◆ Data for the task
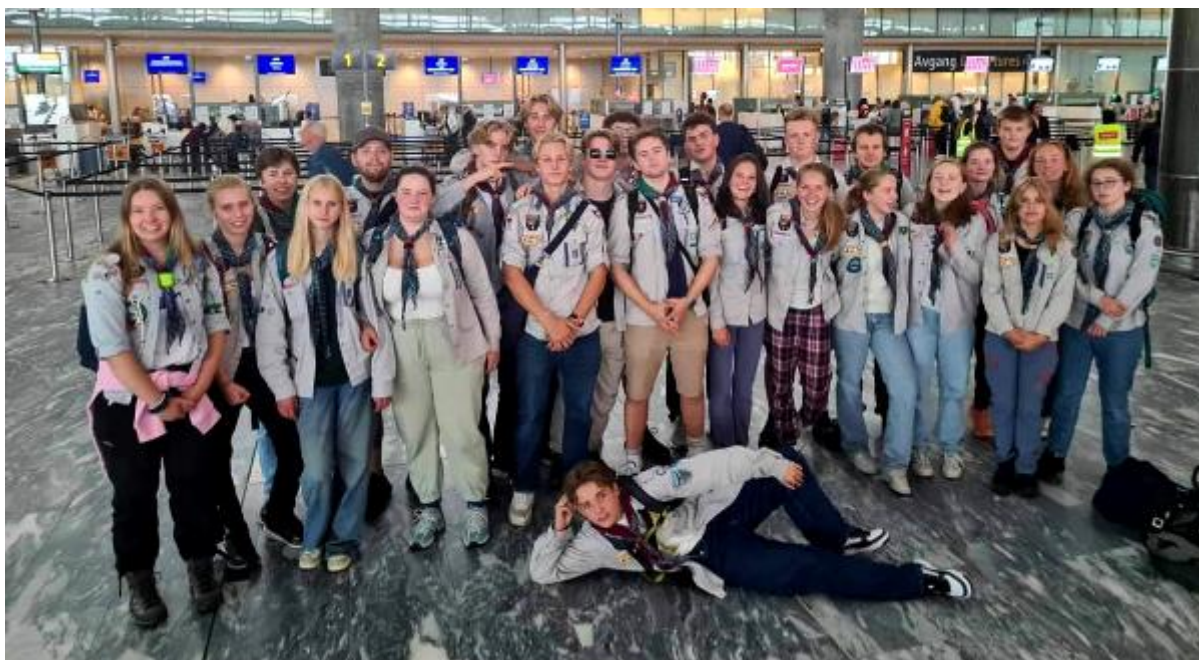
Bilde fra Gardermoen før avreise til Edinburgh, Skottland. Første stopp på Årets vandreretur til de Britiske øyer.

For mer informasjon, se Facebooksiden vår: https://www.facebook.com/7oslo
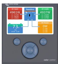
Color Control GX
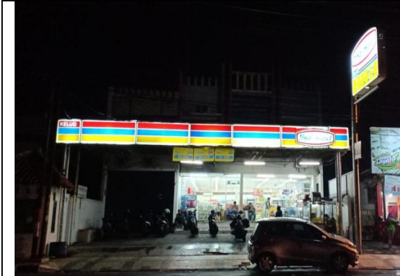
Gambar 1, Foto Indomaret tampak dari depan
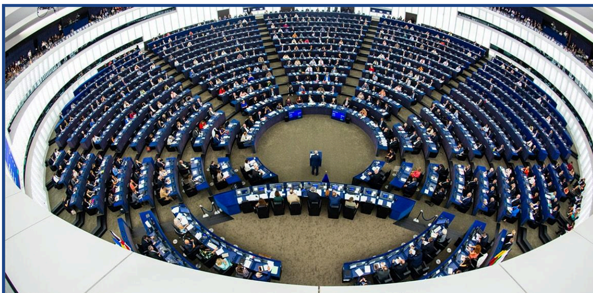
Vista del Parlamento Europeo reunido en Pleno junto a la Comisión Europea.

Cuantas más personas voten, más fuerte es la democracia.
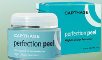
Perfection Peel Renovador Celular Nocturno x 50g

Activa los mecanismos de reparación de la piel durante la noche. Imita el proceso de descamación natural, obteniendo una piel más tersa, luminosa e hidratada. Intensifica, acelera y maximiza el resultado del peeling.
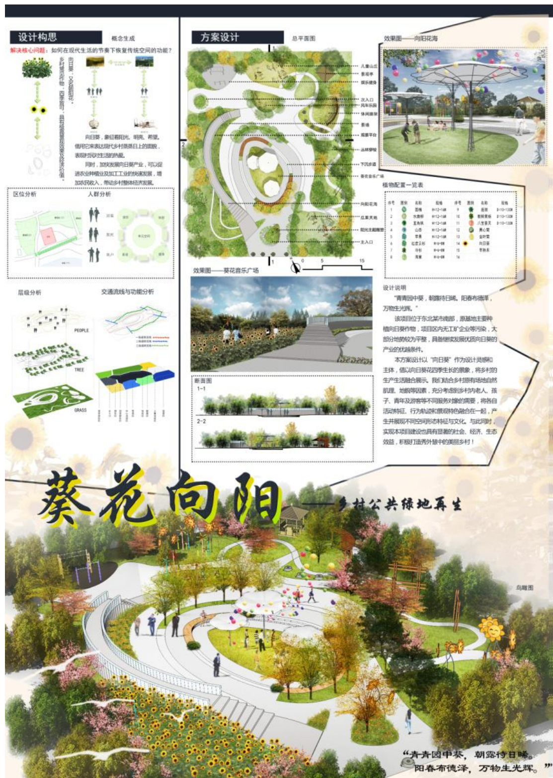
图 4 指导砾石工作室学生作品
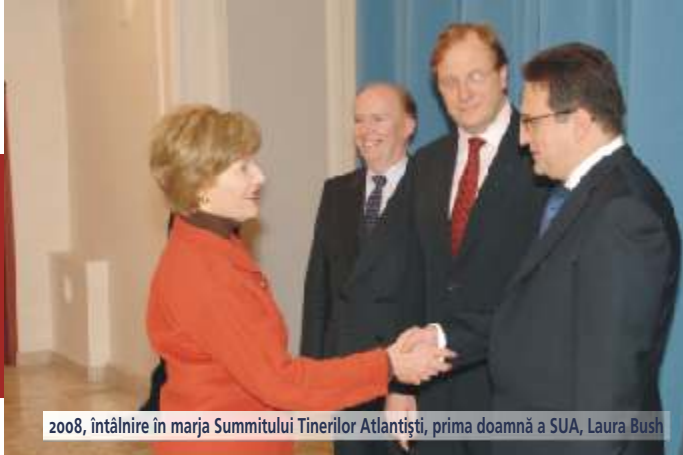
2008, întâlnire în marja Summitului Tinerilor Atlantici, prima doamnă a SUA, Laura Bush
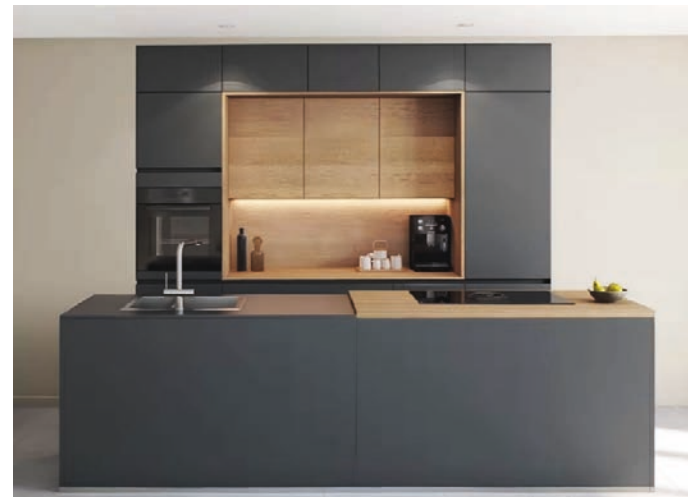
Color mobiliario cocina
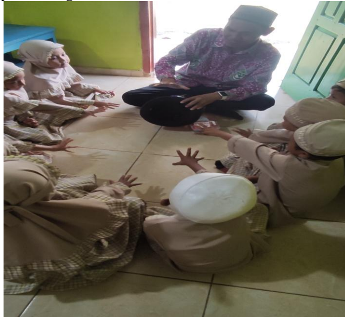
Gambar 6. Mengucapkan basmallah dan abakadabra

Adapun dokumentasi gambar sebagai penguat hasil observasi dan wawancara tersebut diatas, yaitu sebagai berikut:
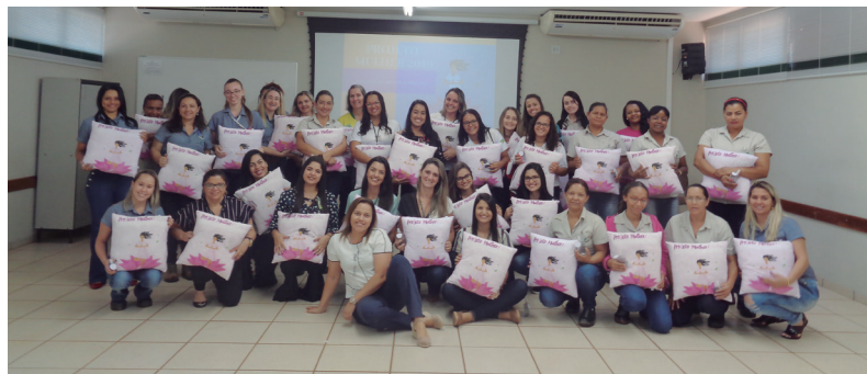
Mulheres, da Usina Buriti
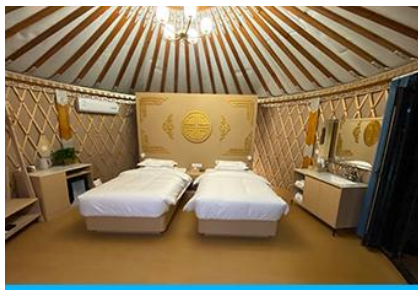
ห้องพักสไตล์มอโกเลียน
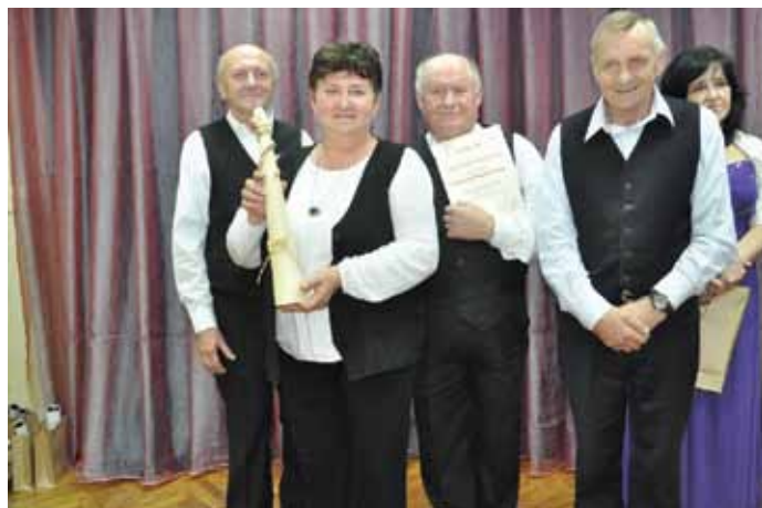
Kapela świątokrzyska - laureaci I miejsca w kat. Chóry i Zespoły

W kategorii Chóry i Zespoły nagrodę otrzymała Kapela Świątokrzyska, która podbiła serca publiczności.
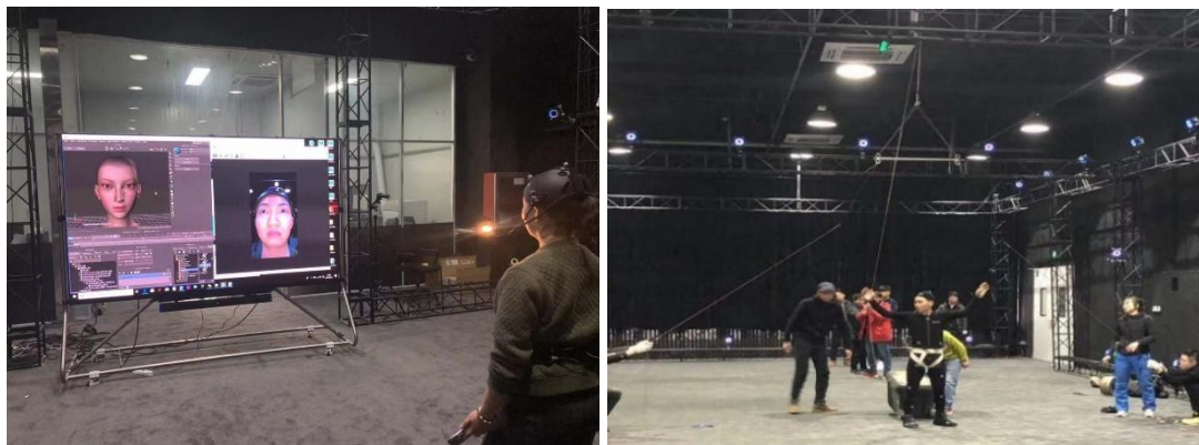
③ 已完成的游戏项目：腾讯游戏“秦时明月”制作。

《西域公主》、《老北京》、《神雕侠侣》等项目的后期特效制作。制作周期比预期缩短了 40%。
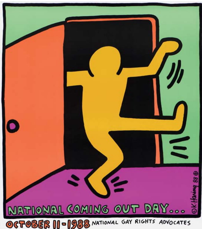
Keith Haring, National Coming Out Day , 1988 Sammlung Noirmontartproduction, Paris © Keith Haring Foundation
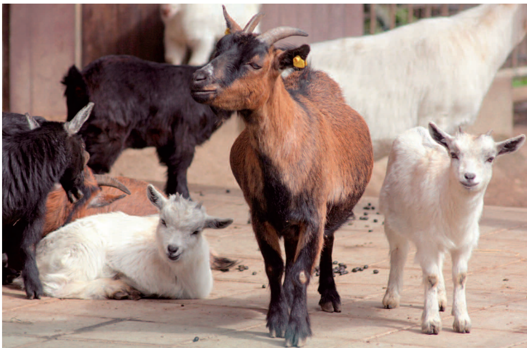
Hallo, wir sind die Neuen! Nicht nur bei den Ziegen ist Nachwuchs angekommen.

nern des Tierparks zu schauen. Im Frühling haben mehrere Tierkinder das Licht der Welt erblickt. Das kleine Mufflon klettert an der Seite seiner Eltern schon mutig die Felsen auf und ab. Richtig wuselig geht es im Streichelgehege bei den Ziegen zu. Die schwarzen und weißen Gesellen, bei denen die kleinen Hörnchen noch wachsen, sind unheimlich neugierig und fast immer in Bewegung. „Zwei Babys stehen noch aus, vielleicht sind sie Ostern schon da“, freut sich Tierparkleiter
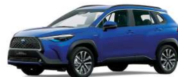
8X2 AZUL METÁLICO

◆ Task goal
Every line of the material above that includes the string "Zespoły" is required.

◆ Result of the exercise
Kapela świątokrzyska - laureaci I miejsca w kat. Chóry i Zespoły
W kategorii Chóry i Zespoły nagrodę otrzymała Kapela Świątokrzyska, która podbiła serca publiczności.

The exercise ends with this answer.